Однако Люсьене никого еще не удавалось доводить до смерти и приходилось довольствоваться расхожим выражением магов-неудачников: «Убить не убил, но жизнь попортил!» Сейчас же Люсьене этого было мало. Эпштейн предстояло умереть, и чем скорей, тем лучше. Когда это случится, коллектив мединститута, конечно, устроит по ней поминки. В это время, когда институт практически опустеет, Сергеев со своим студенческим билетом пройдет мимо вахтера, взломает замок кабинета и вынесет оттуда все, что велит ему Люсьена. Никто, в том числе сам Сергеев, не должен знать, что именно интересует ее там! Конечно, Люсьена заставит и своего любовника, и вахтера, мимо которого Сергеев пронесет увесистую сумку, забыть о случившемся. Однако список похищенного все равно попадет в милицию, так пусть же это будет именно список из нескольких предметов, а не одного. Конечно, вряд ли кому-то может прийти в голову, что кисть руки неведомого, давно умершего человека имеет для кого-то особое значение! А потом Люсьена возьмет себе то, что нужно, а «декоративные элементы» велит Сергееву спрятать где-нибудь в безлюдном месте, где они никогда не могут быть найдены.
Конечно, получив только подсказку общего характера, она не смогла бы провести столь блестяще операцию по устранению Эпштейн. Пришлось сначала потренироваться. Благо немалое количество «подопытных кроликов» — то есть пациентов психиатрической лечебницы — были к ее услугам. Самые случайные слова — первые, которые приходили Люсьене в голову! — становились для них спусковыми крючками. Сначала она просто проверяла, как действует отсроченное внушение, и очень веселилась, когда от самого незначительного слова ее пациенты вдруг в буквальном смысле слова начинали лезть на стенку, или мочились под себя, или становились необыкновенно агрессивны. Потом перешла к более сложным опытам. Эпштейн должна была умереть, значит, придется пожертвовать парочкой идиотов. Но, само собой, Люсьене было немного жаль бедолаг, поэтому она не заставляла их взрезать вены или лезть в петлю. Кончина их была, в общем-то, не более болезненна, чем обычная смерть от сердечного спазма. Когда-то давно Люсьене приходилось читать о практиках, применяемых южноамериканскими шаманами по мгновенному устранению человека. Это называлось «убить пальцем». Суть его состояла в том, что колдун концентрирует всю свою энергию в кончике указательного пальца, и человек, на которого этот палец направлен, должен умереть немедленно от того, что в быту называется разрывом сердца. При этом человек гибнет даже не от боли, а от страха, потому что видит некое существо, которое кажется ему настолько страшным и зловещим, что сердце не выдерживает.
На словах-то это казалось легким, но на деле оказалось почти мучительным. Причем психи, с их-то искаженным восприятием действительности, умирали почти охотно, однако свидетели внезапных смертей, находившиеся поблизости, впадали в натуральную истерику, потому что им чудилось, будто жертв убивает страшный мужчина с разными глазами: одним синим, другим — не то белесым, не то зеленоватым.

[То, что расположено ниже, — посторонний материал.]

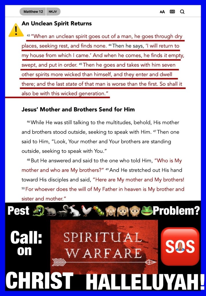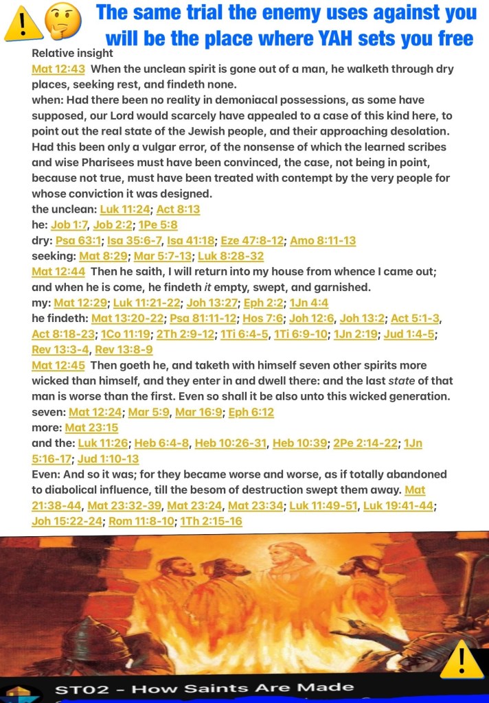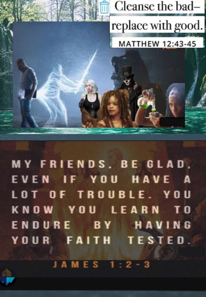 Beloved I believe there’s a recipe for creating a witch/ warlock and a recipe for creating a saint unfortunately for us who long for Christ’s Presence this recipe is one and the same. “But as for you, you meant evil against me; but God meant it for good, in order to bring it about as it is this day, to save many people alive.” Genesis 50:20 a crisis is an event that must draw you closer to YAH or else you risk entertaining another spirit (an unclean spirit) God forbid! Walk Good

Люсьена была потрясена, услышав такое. Ведь это описание ее отца! Таким он стал после тех тяжких испытаний, которые ему пришлось перенести. Однако как же глубоко его образ пронизывает все помыслы дочери! И это вселяло в Люсьену бодрость. Она не одна. Они действуют вместе! Именно поэтому ей так везет, что отец помогает. Он был великим человеком, но его величию не дали развернуться враги. Однако когда дочь отомстит за него, все ее силы, унаследованные от отца, станут поистине безграничными.
Конечно, Люсьена волновалась, когда приступила к ликвидации Эпштейн. Однако все прошло без сучка без задоринки. На Эпштейн образ человека с разными глазами, который протянул руку и ткнул ее невероятно длинным, нечеловечески длинным пальцем в сердце, произвел поистине убийственное впечатление. И сколько ни пытался поднять ее на ноги и сделать ей искусственное дыхание какой-то седой толстяк, как ни рыдал он над неподвижным телом, с хранительницей учебных пособий все было кончено, и «Скорая» не помогла, да и не смогла бы помочь, окажись на месте не через четверть часа, а находись там с самого начала.
Не сразу до Люсьены дошло, что это, пожалуй, тот самый Эпштейн, которого упоминал главврач психиатрической лечебницы, тот самый Эпштейн, который считает Александра Морозова таким-сяким-немазанным и диагностом, и психотерапевтом. Ну что ж, он получил по заслугам — хотя бы за то, что восхищался врагом отца Люсьены. Его черед тоже придет — рано или поздно. Главное, что теперь путь к руке отца был открыт.